**ASSIGNMENT**
The stretch wanted below opens at the line containing "1 x 120mm, 1 x 140mm Rear: 1" and closes at the line containing "FALA BIAŁY GNIAZDO". Please return it exactly, with no other lines.

**DATA FOR ANALYSIS**

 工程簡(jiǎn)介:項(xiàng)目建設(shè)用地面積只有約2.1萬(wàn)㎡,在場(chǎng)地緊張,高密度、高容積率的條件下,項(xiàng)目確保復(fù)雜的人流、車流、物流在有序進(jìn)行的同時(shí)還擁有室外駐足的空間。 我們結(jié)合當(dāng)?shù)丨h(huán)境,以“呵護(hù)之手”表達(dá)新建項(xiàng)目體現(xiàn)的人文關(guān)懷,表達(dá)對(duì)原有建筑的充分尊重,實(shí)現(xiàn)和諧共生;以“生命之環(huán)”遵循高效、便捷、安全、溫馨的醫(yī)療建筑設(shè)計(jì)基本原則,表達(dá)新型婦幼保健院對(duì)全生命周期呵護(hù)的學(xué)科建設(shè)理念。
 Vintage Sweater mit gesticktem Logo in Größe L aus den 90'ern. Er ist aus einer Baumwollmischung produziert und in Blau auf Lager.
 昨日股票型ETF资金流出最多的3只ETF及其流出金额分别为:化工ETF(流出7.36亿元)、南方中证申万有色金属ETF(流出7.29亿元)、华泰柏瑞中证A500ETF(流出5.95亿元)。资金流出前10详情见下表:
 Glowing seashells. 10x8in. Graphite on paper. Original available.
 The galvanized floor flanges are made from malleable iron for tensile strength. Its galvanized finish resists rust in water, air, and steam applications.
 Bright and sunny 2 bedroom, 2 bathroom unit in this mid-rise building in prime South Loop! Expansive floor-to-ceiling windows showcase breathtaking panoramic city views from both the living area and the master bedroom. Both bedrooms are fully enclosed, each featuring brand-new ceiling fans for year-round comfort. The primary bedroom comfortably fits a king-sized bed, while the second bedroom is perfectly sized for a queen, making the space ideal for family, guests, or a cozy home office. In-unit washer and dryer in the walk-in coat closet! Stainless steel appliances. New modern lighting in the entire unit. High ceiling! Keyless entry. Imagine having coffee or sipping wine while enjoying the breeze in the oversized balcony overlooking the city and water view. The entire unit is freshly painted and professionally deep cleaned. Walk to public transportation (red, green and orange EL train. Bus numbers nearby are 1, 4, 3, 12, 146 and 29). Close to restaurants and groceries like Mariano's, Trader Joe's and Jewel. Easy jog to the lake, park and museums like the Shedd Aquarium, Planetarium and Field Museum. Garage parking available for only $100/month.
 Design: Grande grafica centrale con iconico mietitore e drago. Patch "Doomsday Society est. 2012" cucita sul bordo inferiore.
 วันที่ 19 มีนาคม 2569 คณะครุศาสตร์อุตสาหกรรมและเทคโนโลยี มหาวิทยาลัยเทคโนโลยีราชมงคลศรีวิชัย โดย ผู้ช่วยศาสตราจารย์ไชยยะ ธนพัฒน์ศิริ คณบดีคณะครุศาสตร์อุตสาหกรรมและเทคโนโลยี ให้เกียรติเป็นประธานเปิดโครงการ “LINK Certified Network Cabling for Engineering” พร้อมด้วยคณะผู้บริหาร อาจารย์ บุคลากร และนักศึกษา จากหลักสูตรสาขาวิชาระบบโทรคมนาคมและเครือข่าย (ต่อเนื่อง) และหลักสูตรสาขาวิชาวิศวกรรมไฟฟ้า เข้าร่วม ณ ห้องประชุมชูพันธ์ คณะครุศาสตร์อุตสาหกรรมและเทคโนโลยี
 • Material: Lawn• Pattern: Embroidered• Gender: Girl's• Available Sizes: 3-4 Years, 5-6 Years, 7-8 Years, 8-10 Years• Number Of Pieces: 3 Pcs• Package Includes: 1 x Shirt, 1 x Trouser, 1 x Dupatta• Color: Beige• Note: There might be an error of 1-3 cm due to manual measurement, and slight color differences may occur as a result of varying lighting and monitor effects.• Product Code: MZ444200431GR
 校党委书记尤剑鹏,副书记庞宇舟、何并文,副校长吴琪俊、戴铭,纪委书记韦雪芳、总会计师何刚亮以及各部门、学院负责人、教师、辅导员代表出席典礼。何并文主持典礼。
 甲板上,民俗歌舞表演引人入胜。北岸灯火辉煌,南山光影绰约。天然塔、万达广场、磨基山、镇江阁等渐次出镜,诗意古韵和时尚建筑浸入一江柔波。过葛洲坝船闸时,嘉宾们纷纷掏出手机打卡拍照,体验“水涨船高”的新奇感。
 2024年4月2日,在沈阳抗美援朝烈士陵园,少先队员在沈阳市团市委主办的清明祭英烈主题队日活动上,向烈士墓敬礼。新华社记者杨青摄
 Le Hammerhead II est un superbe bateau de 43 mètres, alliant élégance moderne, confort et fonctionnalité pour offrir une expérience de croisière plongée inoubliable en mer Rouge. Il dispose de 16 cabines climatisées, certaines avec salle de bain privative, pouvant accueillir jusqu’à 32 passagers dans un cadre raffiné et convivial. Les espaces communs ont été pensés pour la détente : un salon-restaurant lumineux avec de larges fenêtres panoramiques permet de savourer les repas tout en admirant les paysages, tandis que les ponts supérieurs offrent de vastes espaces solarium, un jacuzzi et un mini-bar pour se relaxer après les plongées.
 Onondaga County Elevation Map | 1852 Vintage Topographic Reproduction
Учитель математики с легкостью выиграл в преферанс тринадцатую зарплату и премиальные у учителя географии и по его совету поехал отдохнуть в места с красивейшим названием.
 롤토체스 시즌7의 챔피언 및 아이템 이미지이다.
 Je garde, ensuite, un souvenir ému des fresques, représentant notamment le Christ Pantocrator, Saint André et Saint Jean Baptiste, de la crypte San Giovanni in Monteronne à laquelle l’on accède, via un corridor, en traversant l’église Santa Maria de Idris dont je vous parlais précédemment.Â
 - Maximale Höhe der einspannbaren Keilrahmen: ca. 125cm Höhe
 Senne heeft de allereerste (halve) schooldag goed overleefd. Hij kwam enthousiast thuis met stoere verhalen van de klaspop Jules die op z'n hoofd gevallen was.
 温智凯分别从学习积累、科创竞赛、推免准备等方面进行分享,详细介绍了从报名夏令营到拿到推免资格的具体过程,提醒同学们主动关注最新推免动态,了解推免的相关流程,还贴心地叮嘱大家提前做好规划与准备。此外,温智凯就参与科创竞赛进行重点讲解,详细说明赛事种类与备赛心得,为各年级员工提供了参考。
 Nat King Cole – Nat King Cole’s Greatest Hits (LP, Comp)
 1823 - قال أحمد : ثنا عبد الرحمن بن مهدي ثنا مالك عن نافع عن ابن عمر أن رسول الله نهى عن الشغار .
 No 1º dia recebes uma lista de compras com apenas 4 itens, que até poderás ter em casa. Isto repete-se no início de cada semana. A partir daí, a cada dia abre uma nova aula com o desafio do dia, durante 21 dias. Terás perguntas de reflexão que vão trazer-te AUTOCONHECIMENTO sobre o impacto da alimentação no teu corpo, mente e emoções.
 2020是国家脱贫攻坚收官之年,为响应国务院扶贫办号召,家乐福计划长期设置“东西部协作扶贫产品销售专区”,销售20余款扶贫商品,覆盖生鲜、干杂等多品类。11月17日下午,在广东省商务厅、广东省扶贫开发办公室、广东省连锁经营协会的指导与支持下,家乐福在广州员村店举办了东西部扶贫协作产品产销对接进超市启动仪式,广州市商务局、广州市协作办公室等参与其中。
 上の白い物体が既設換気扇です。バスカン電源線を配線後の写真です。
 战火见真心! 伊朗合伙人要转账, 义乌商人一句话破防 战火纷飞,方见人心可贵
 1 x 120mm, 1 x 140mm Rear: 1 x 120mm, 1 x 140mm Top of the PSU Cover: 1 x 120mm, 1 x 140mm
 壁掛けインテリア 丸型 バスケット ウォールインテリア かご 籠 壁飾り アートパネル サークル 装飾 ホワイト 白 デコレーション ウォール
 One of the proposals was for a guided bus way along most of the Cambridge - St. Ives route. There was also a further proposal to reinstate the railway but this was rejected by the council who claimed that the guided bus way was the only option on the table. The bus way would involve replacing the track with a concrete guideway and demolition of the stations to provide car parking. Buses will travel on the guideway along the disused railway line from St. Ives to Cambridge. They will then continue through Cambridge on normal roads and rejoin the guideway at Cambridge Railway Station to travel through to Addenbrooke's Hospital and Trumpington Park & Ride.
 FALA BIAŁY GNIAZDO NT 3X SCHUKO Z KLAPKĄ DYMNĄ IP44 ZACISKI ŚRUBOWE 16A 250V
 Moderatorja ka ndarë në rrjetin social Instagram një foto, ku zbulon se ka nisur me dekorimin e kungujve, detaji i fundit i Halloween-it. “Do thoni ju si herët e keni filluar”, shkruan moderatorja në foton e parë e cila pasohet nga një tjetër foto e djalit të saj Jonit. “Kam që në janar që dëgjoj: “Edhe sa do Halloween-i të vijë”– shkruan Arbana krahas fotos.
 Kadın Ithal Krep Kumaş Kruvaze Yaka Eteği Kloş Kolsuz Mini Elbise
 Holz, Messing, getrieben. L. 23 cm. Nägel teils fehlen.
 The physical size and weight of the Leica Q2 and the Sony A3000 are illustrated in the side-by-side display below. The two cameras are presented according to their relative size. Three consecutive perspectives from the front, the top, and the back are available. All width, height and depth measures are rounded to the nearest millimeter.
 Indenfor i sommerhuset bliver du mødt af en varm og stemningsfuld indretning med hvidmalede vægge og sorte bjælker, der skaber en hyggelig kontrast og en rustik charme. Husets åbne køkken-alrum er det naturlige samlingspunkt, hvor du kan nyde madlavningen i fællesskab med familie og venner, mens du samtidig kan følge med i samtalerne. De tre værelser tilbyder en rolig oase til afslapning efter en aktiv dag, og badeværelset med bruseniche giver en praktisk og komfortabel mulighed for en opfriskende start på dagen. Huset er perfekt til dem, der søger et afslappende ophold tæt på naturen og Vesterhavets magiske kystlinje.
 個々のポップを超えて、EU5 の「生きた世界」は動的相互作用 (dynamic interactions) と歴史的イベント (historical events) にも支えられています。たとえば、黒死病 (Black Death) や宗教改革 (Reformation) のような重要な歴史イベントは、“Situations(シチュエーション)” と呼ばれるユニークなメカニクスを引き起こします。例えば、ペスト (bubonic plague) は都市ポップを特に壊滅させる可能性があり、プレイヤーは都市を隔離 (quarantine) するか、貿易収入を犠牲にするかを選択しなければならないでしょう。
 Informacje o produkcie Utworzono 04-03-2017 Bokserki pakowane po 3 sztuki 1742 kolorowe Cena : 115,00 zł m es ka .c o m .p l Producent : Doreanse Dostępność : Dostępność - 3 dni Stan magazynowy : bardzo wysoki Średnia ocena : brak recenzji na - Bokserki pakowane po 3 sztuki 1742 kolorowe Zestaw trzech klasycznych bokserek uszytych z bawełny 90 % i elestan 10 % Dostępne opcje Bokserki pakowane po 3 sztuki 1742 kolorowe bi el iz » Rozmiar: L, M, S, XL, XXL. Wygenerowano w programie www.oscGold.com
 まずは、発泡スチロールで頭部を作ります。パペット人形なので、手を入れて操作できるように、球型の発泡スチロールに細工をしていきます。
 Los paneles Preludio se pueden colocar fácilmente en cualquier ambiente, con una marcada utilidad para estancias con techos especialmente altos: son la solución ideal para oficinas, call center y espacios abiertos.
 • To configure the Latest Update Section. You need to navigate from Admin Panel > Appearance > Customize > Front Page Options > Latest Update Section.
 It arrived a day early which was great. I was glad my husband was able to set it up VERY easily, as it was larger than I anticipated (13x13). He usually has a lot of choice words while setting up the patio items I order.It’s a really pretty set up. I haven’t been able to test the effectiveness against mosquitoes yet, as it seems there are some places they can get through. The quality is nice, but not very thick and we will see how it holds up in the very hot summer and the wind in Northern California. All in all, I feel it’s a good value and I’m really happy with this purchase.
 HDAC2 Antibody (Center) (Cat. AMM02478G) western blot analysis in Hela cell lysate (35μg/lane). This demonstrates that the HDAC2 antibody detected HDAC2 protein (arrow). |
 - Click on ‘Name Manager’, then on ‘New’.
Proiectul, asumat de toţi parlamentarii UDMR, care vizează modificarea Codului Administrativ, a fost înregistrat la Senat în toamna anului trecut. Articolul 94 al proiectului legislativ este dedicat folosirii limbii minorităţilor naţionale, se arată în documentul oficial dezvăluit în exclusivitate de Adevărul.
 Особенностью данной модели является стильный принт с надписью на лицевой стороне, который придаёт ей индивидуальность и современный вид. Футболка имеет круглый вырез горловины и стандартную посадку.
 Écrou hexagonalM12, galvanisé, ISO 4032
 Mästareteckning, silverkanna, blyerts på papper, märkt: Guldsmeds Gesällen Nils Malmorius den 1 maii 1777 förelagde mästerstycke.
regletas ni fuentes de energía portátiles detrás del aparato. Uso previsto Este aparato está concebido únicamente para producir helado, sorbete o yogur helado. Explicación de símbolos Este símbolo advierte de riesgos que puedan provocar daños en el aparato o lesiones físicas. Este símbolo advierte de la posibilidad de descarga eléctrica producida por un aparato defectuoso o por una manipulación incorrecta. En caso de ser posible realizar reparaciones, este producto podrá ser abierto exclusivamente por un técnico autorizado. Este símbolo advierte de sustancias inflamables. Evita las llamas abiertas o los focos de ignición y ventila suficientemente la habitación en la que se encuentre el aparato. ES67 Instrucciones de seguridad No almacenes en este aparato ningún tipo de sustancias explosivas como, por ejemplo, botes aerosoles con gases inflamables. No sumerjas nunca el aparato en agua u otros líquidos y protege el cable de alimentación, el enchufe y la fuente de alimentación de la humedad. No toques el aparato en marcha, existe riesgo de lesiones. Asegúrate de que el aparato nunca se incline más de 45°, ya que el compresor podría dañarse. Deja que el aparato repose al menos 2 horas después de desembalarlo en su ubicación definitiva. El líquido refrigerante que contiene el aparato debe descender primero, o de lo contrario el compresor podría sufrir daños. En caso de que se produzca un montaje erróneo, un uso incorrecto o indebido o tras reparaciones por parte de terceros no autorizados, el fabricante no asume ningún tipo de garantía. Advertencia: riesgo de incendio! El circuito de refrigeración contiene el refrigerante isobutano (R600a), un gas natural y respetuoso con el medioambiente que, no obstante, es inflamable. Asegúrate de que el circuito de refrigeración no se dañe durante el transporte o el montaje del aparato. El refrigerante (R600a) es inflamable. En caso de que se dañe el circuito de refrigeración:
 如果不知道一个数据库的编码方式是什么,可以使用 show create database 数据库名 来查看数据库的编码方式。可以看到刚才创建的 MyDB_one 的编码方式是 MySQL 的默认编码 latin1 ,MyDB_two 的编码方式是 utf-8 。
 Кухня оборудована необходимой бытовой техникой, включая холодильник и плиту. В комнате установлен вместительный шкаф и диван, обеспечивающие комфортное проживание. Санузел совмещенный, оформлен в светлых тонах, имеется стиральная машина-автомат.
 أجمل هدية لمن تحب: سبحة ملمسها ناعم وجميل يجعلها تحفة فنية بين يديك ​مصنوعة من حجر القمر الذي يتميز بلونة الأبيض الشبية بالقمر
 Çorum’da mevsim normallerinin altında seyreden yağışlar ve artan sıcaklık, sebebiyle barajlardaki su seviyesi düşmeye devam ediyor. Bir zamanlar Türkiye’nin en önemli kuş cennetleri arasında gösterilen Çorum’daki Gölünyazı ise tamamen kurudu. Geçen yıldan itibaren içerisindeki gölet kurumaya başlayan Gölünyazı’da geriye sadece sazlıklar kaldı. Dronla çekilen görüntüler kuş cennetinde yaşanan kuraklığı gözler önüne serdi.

**SOLUTION**
 1 x 120mm, 1 x 140mm Rear: 1 x 120mm, 1 x 140mm Top of the PSU Cover: 1 x 120mm, 1 x 140mm
 壁掛けインテリア 丸型 バスケット ウォールインテリア かご 籠 壁飾り アートパネル サークル 装飾 ホワイト 白 デコレーション ウォール
 One of the proposals was for a guided bus way along most of the Cambridge - St. Ives route. There was also a further proposal to reinstate the railway but this was rejected by the council who claimed that the guided bus way was the only option on the table. The bus way would involve replacing the track with a concrete guideway and demolition of the stations to provide car parking. Buses will travel on the guideway along the disused railway line from St. Ives to Cambridge. They will then continue through Cambridge on normal roads and rejoin the guideway at Cambridge Railway Station to travel through to Addenbrooke's Hospital and Trumpington Park & Ride.
 FALA BIAŁY GNIAZDO NT 3X SCHUKO Z KLAPKĄ DYMNĄ IP44 ZACISKI ŚRUBOWE 16A 250V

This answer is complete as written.